I'm sure a perl script would work...but it just seems like a canon on a mosquito. I may just be bitter because I never made it past the hello world stage of learning perl though...

I got someone else to try it and it worked for them. So I tried on that exact same machine, but, no, it wouldn't do it for me. So then the only difference that I can see is that they are using CSH whereas I am running tcsh. I wonder if that has anythign to do with it.

egrep --v
egrep (GNU grep) 2.5.1

Copyright 1988, 1992-1999, 2000, 2001 Free Software Foundation, Inc.
This is free software; see the source for copying conditions. There is NO
warranty; not even for MERCHANTABILITY or FITNESS FOR A PARTICULAR PURPOSE.

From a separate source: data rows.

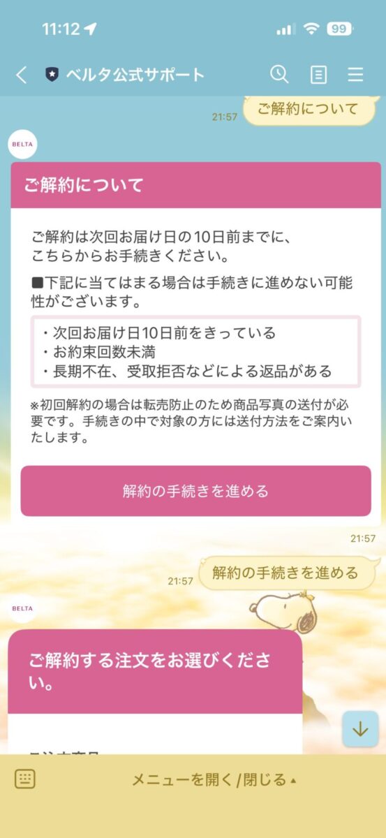 トーク画面で「解約したい」と送ると、自動応答で手続きの案内が始まるよ。
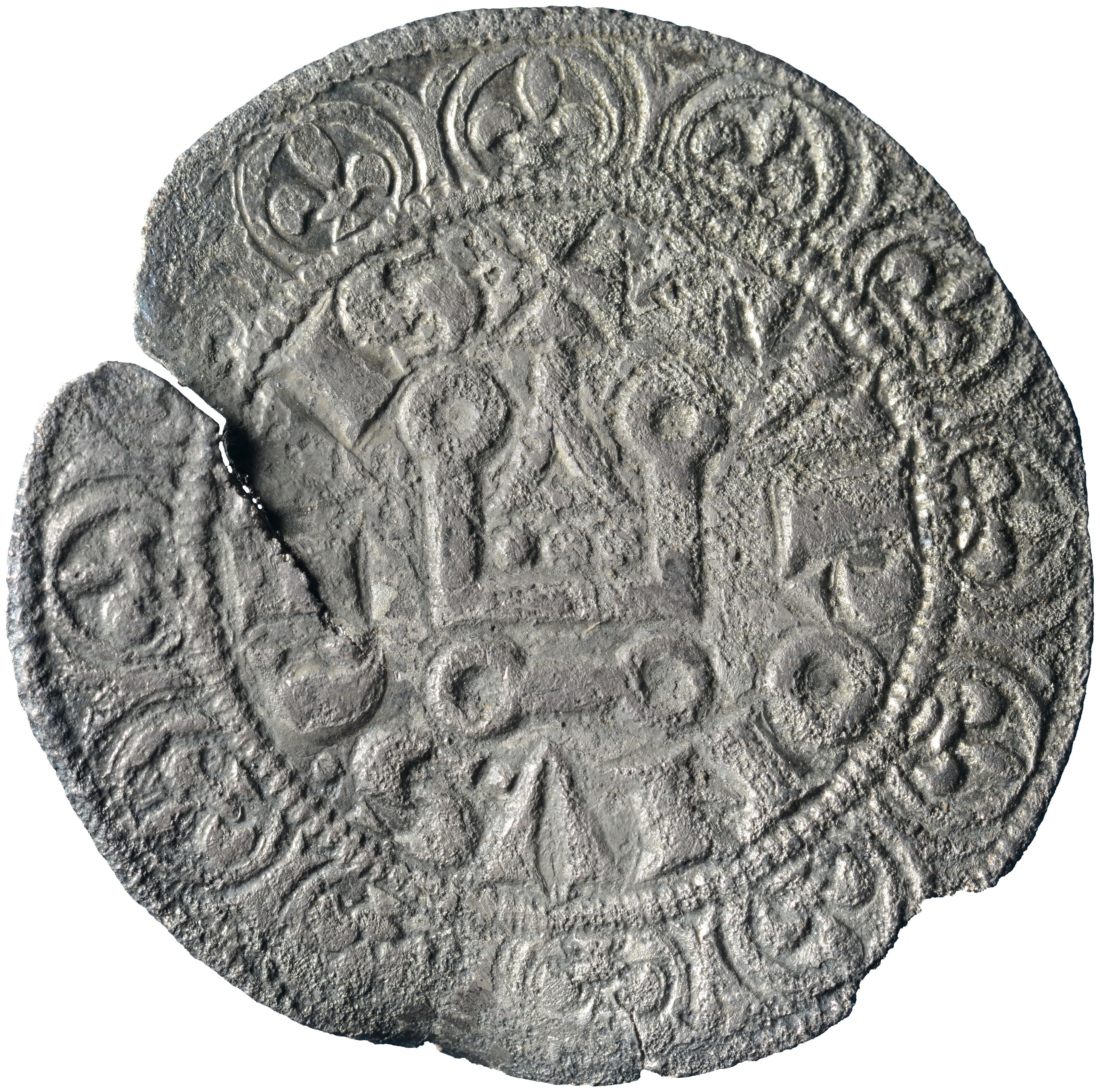 Tourse groot; Frankrijk; Philippe III (1270-1285); vz.: kort gevoet kruis binnen parelrand met omschrift: PHILIPVS•REX en BNDICTV:SIT[:N]OME:DN[I:NRI]:DEI:IHV.XPI; kz.: het kasteel van Tournois binnen parelcirkel, met omschrift: TVRONVS•CIVIS; muntplaats: Tours; gewicht: 3.44 gram; referentie: Duplessy 202
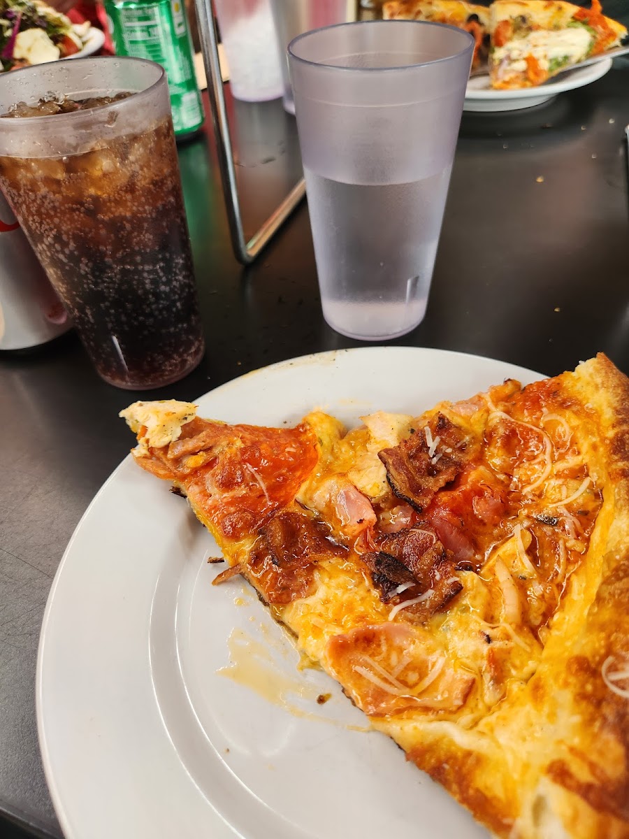 We received a recommendation to come here after a long day of driving and were very happy. They were SUPER packed but still kept service very pleasant and cheery. They have a huge selection of pizzas, salads and desserts. Everything was delicious and even though we did carry out, it stayed delicious. I'd highly recommend you stop by!

Now that we are both using the same version of egrep, the only other diff I see is that I have more patches on my machine than both you and the other person who got it working. May be it is the patch that is messing it up. Hmmmm... I would be surprised if a patch mess up a program like grep!!

#!/bin/perl -w

################################
use strict;

open FILE1,    '< ignorelist.txt' or die $!;
open OUTFILE,  '>>clean_report.txt' or die $!;

while (<FILE1>)
{
  $FILE1hash{$_}=1;
}
close(<FILE1>);


open FILE2,    '< new_report.txt' or die $!;

while (<FILE2>)
{
  print OUTFILE $_ unless defined($FILE1hash{$_});
}

close FILE2;
close OUTFILE; 

I got a small perl script almost working. But seeing some errors... don't know what yet!

Work's for me:

$ grep -vf filter file
Date: Sep 11, 2008 10:30 PM
Tool: Micorsoft SQL Server

Sourceless block
"U0/blk_generator/valid/has_B/dout0" (SFF) removed.
Sourceless block
"U1/blk_generator/valid/has_B/dout0" (SFF) removed.
Sourceless block
"U2/blk_generator/valid/has_B/dout1" (SFF) removed.
Sourceless block
"U3/blk_generator/valid/has_B/dout1" (SFF) removed.
$ grep --v
grep (GNU grep) 2.5.1-FreeBSD

Copyright 1988, 1992-1999, 2000, 2001 Free Software Foundation, Inc.
This is free software; see the source for copying conditions. There is NO
warranty; not even for MERCHANTABILITY or FITNESS FOR A PARTICULAR PURPOSE.

$ echo $SHELL
/bin/tcsh

I have no idea what's going on with my system. It just wouldn't do it... strange indeed.. the only thing I can think of is the Linux patch level..